Find perturbed eigenvalues, eigenvectors by perturbation methods Suppose we know $A_0v_0^k = \lambda_0^k v_0^k$, we can find the following perturbed eigenvalues and eigenvectors $$(A_0+\epsilon A_1)v(\epsilon) = \lambda(\epsilon) v(\epsilon)$$ by assuming that $$\lambda(\epsilon)=\sum_{j=0}^\infty \lambda_j\epsilon^j$$ and $$v(\epsilon)=\sum_{j=0}^\infty v_j\epsilon^j$$ and then plug in to find the coefficients. However, suppose I have the following matrix: $$M = \begin{bmatrix}a & b\\\ \frac{c}{\epsilon} & \frac{d}{\epsilon}\end{bmatrix}$$ Now, obviously, if I let $\epsilon=0$, then both entries will go to infinity (singular). So how do I modify this such that I can still use the perturbation method to find the perturbed eigenvalues and eigenvectors? I just think about the following way $$M = \frac{1}{\epsilon} \begin{bmatrix} \epsilon a &\epsilon b\\\ c & d\end{bmatrix}$$ but I have no idea how to go further. Please advise, thanks!

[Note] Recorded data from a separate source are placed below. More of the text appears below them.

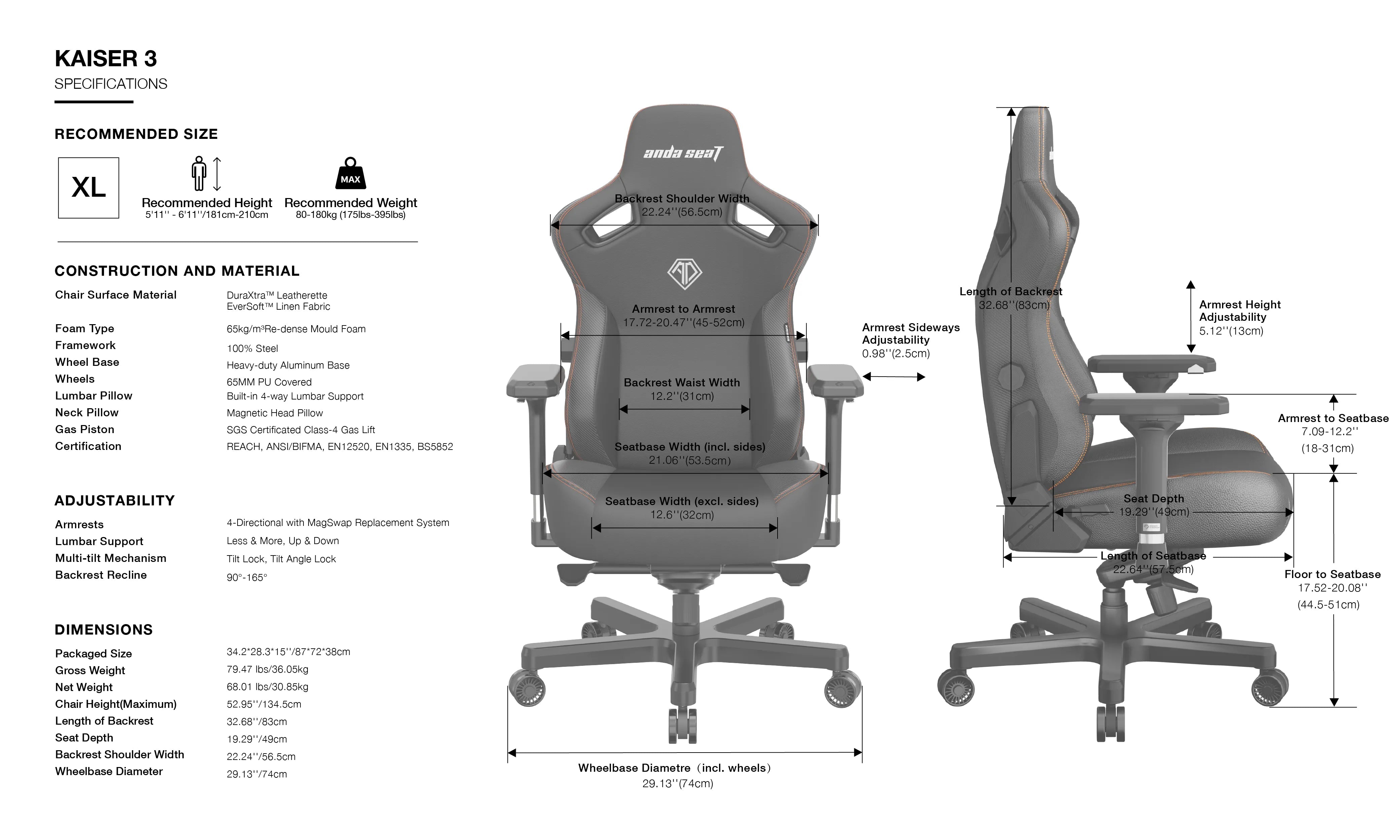 What are the height and weight limits for the AndaSeat Kaiser 3?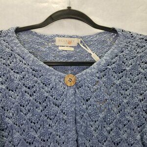 BLARNEY Woolen Mill Open Front Cardigan Women M Cotton Linen Denim Blue Knit NEW
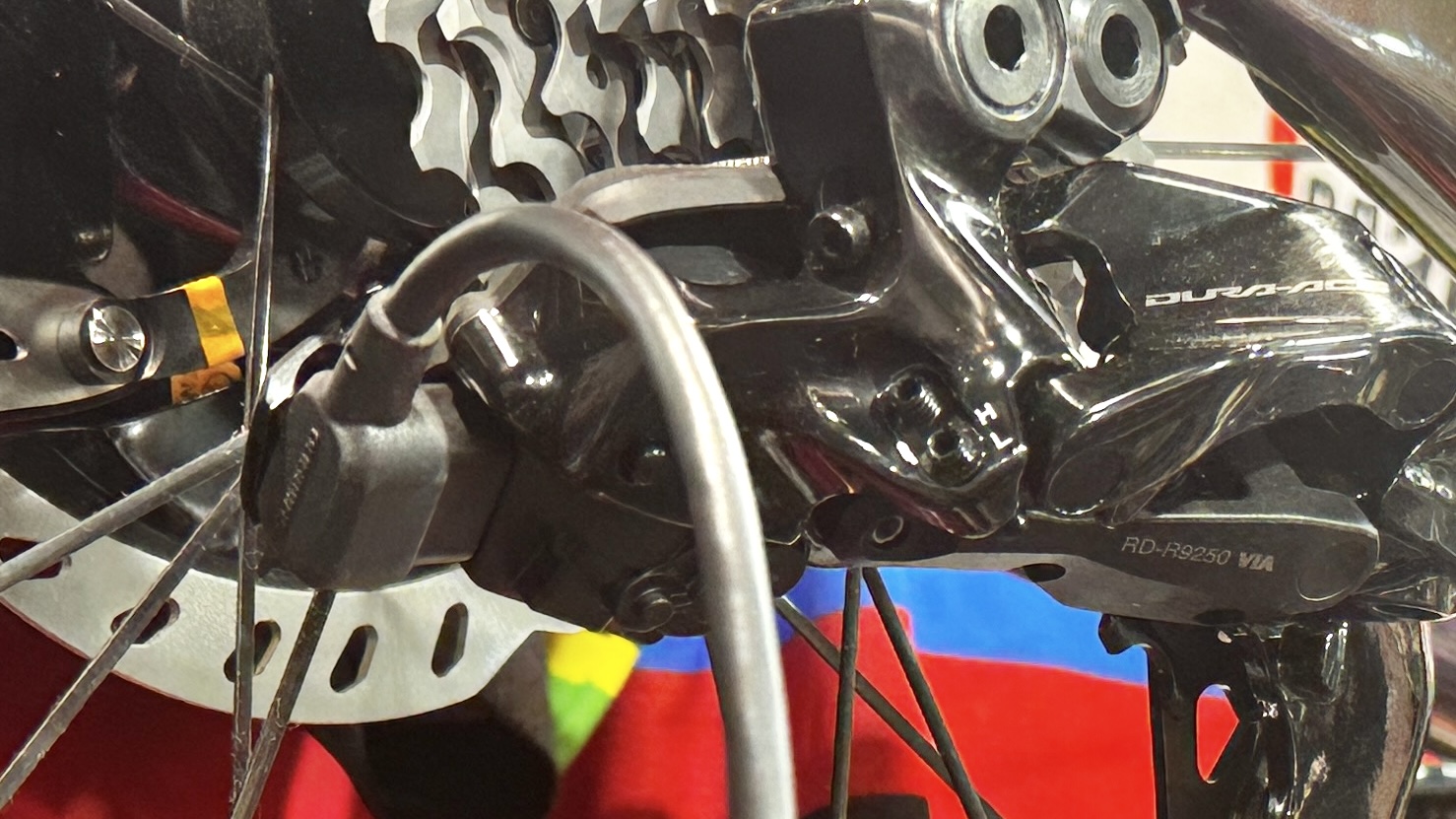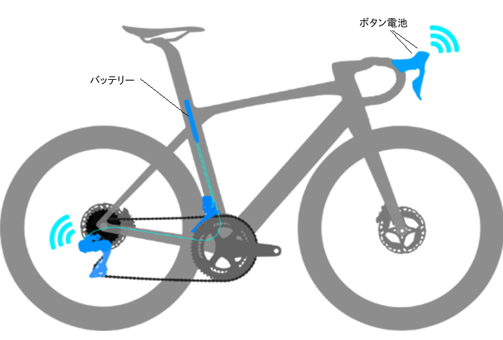 メカニカルブレーキ式 Di2 の場合は前後の変速機と左右のシフトレバーが全てバッテリーと有線で繋がれます。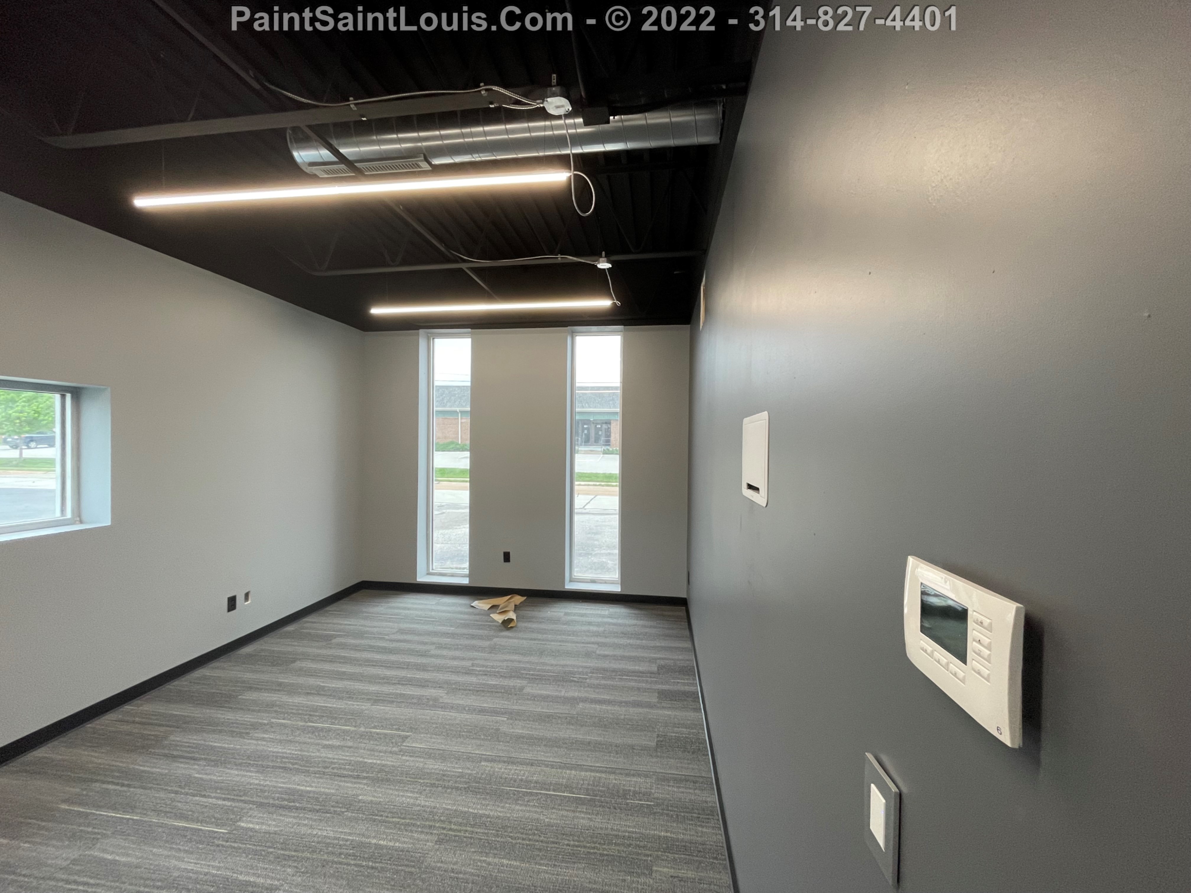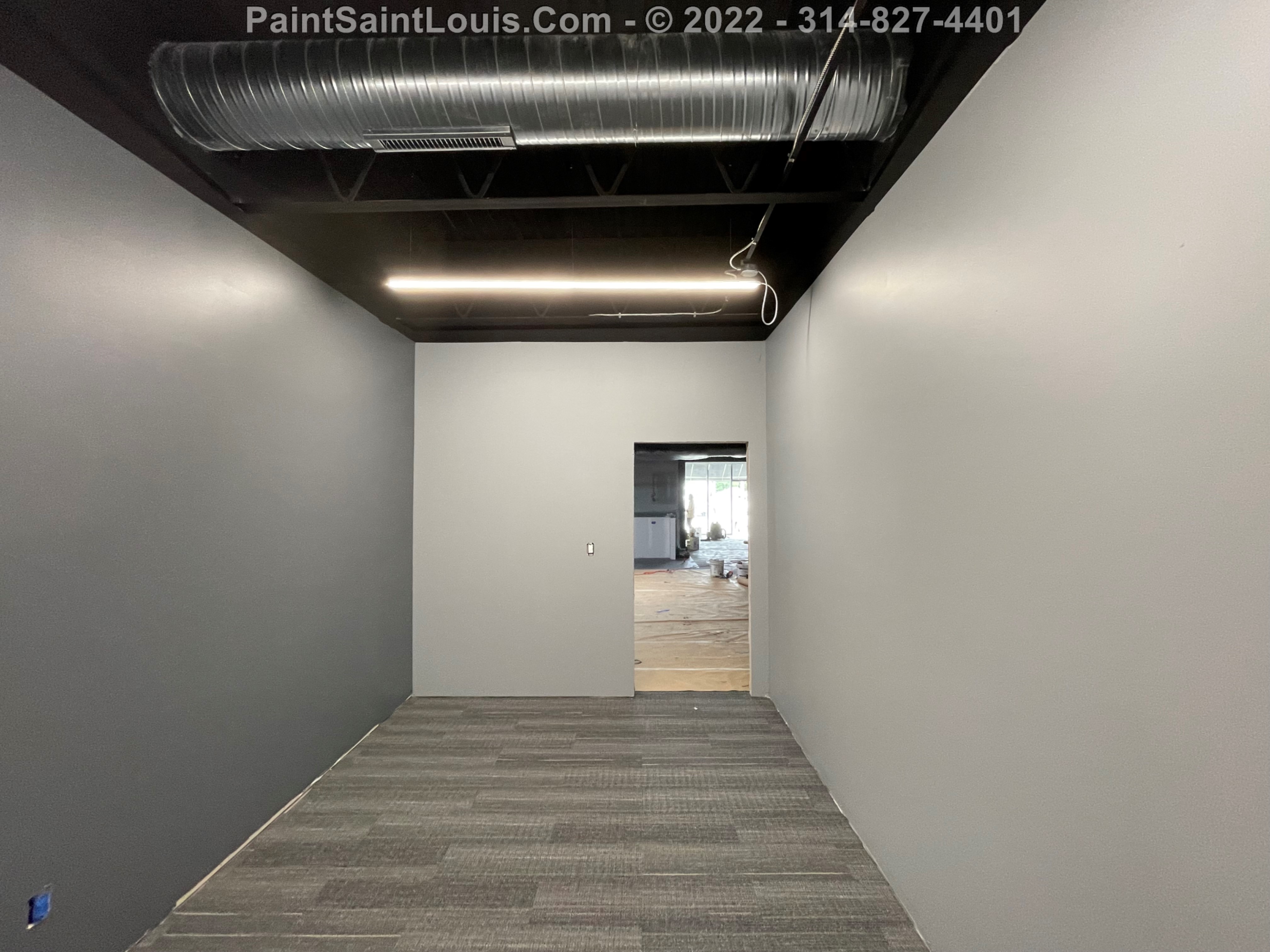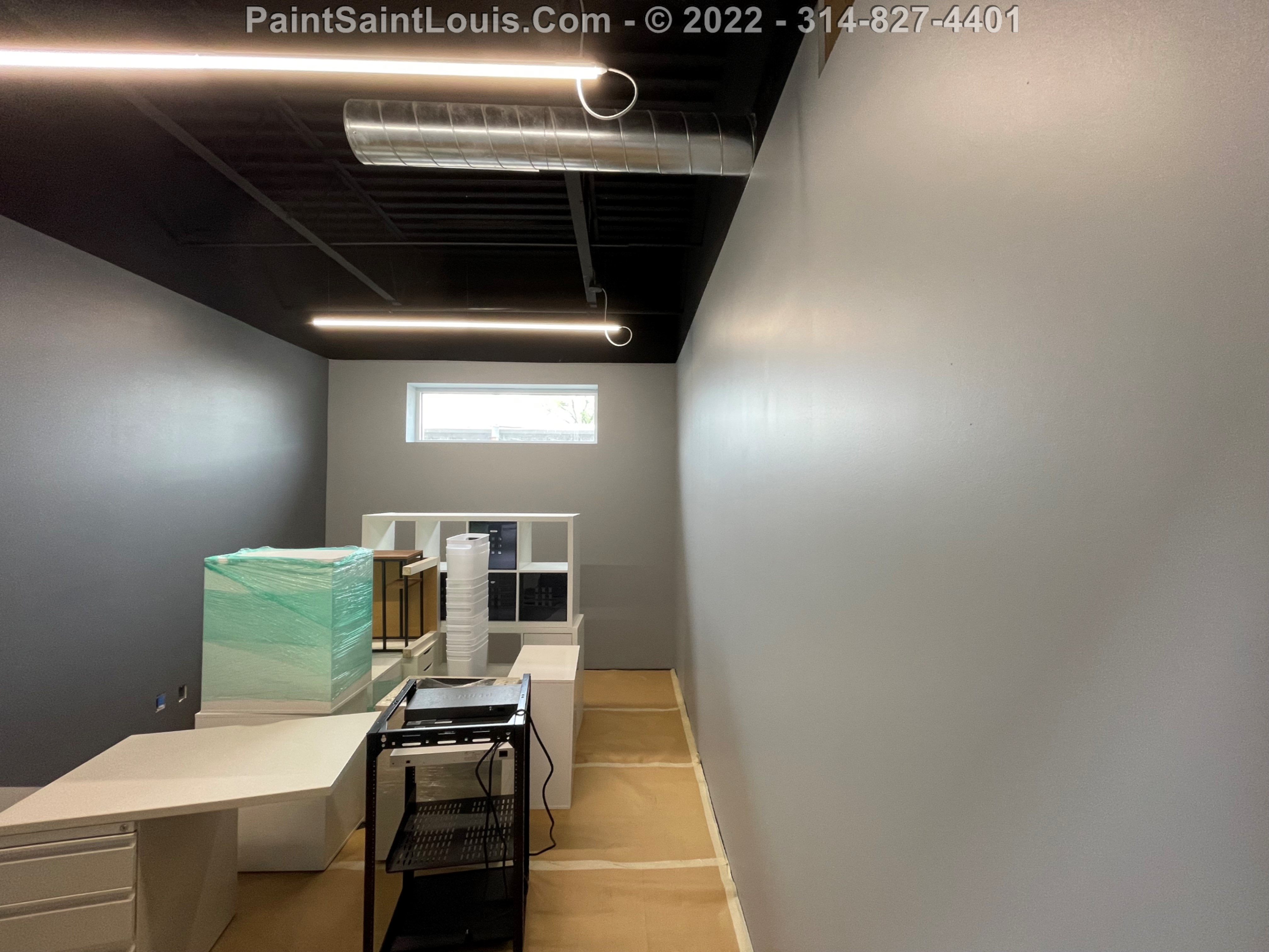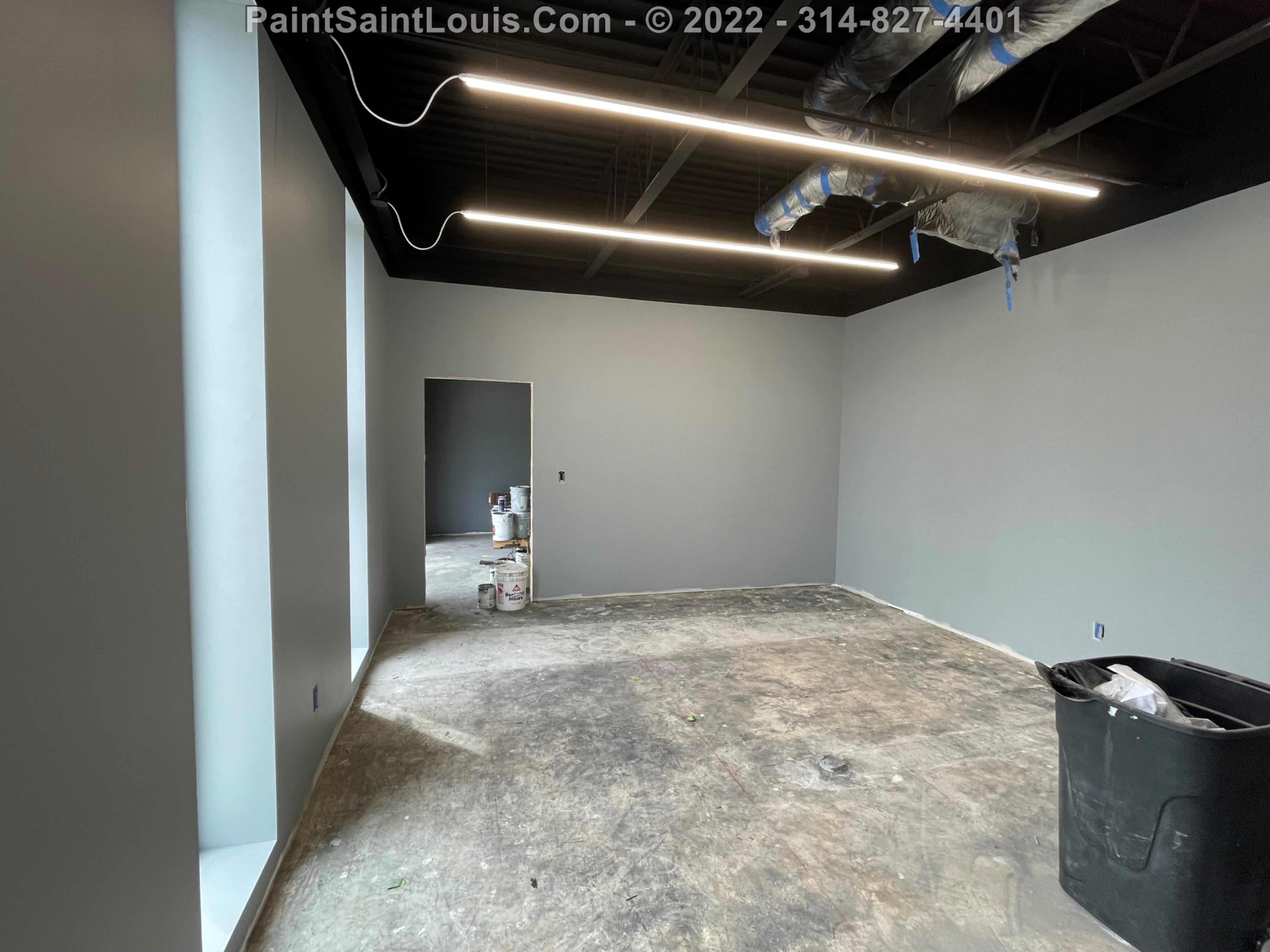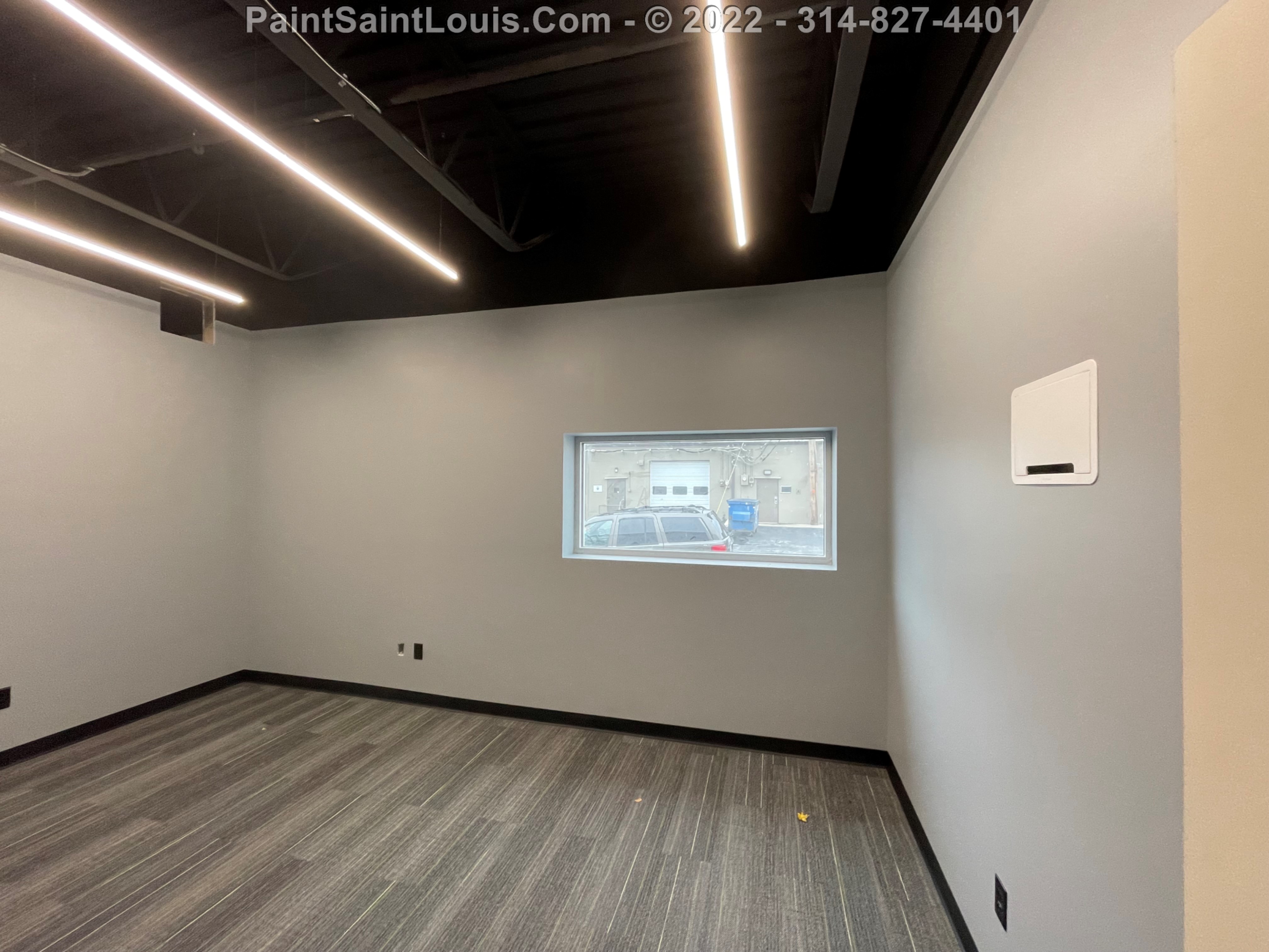 A whole lot of work in a short amount of time. Because of a time crunch we had about two weeks for this project in Brentwood, MO to completely black out the entire ceiling and rafter areas, create an edge line around the entire building without a level surface and paint accent walls in every single room. And it all had to be primed/sealed first. A challenge but definitely not impossible and in the end another successful painting project with a stunning before and after look.

As your matrix is singular in $\epsilon$, it is not too far-fetched to suspect that its eigenvalues will be singular, too. This is supported by the relation between the trace and determinant of a matrix and its eigenvalues, see e.g. here#Eigenvalue_relationships). So (ignoring the fact that for a $2\times 2$ matrix you can calculate its eigenvalues explicitly, and expand the result in powers of $\epsilon$), it seems a good idea to use the series $$ \lambda(\epsilon) = \sum_{j=-N}^\infty \lambda_j \epsilon^j, $$ for some suitable choice of $N$. In your case, $N=1$ will suffice; of course, you can also choose $N=2$ (or higher), but this will just yield $\lambda_{-2} = 0$. Using this approach, you'll find $$ \lambda_1 = \frac{a d- b c}{d} + \mathcal{O}(\epsilon^1)\quad\text{and}\quad \lambda_2 = \frac{d}{\epsilon} + \mathcal{O}(\epsilon^0). $$